When you're shopping for food, compare the labels so you can pick those with less total fat or less saturated fat. Aim to replace saturated fats in your diet with monounsaturated or polyunsaturated fats whenever you can. This may mean using olive or rapeseed oil to cook with rather than lard or butter, and using spreads based on these oils. Try to go for lower fat versions of dairy foods, such as semi-skimmed or skimmed milk, and reduced-fat yoghurt.
There’s a particular type of polyunsaturated fat called omega-3 which can help to reduce your cholesterol levels. The best source of omega-3 fats is oily fish, such as kippers, mackerel, sardines and salmon. Try to eat two portions of fish per week, including a portion of oily fish. But don’t have more than two portions per week if you're pregnant or breastfeeding.
Are all statins the same?
There are several different types of statin available in the UK. They vary in how well they work at reducing cholesterol. Your doctor will prescribe you a statin at a dose that is suitable for reducing your cholesterol levels, with as few side-effects as possible.
There are different types of statin available in the UK. Examples include simvastatin, atorvastatin, and fluvastatin.
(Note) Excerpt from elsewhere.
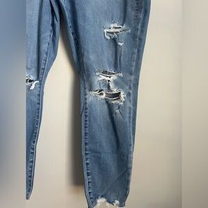 You are looking at blue high-rise jeans by American eagle. This pair of jeans has Button / Zipper closure, 3 frontal pockets and 2 back pockets for great style and flexibility. This jeans forms a flexible and skinny fit. MSRP:$59.95

All statins work in the same way, but have different chemical structures. Statins lower the level of cholesterol in your blood, especially low-density lipoprotein (LDL) or 'bad' cholesterol. Having a low cholesterol level reduces your risk of heart disease, including heart attacks.
If you need to take a statin, you will usually be prescribed atorvastatin to try first. Your cholesterol levels will be checked regularly and if necessary, your doctor may adjust the dose of your statin.
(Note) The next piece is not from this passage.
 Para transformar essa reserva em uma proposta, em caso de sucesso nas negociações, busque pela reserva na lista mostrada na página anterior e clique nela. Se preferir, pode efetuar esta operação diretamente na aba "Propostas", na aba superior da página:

As with any medicine, you may have some side-effects when taking statins, but these are generally mild and similar for all types of statin. Your doctor will monitor possible side-effects by doing a liver function blood test before you start taking the statin and again a few months later. If your liver function is affected, you may need to take a different statin.
What is a normal cholesterol level?
There’s no set recommended target cholesterol level. Generally, the lower your cholesterol, the better.
The average total cholesterol level for adults in the UK is around 5mmol/L. However, there’s no recommendation for the ideal level of cholesterol – the lower your cholesterol level, the better.
Whether or not you need treatment to lower your cholesterol level depends on your overall risk of having a heart attack or stroke. Your doctor will look at several factors to calculate this risk, not just your cholesterol level. These include your age, sex, body mass index (BMI), blood pressure, family history and whether you smoke or drink alcohol. If you have any other illnesses such as diabetes, this will also be taken into account. This means you may be offered treatment to reduce your cholesterol, even if your cholesterol level is lower than someone who doesn’t need treatment.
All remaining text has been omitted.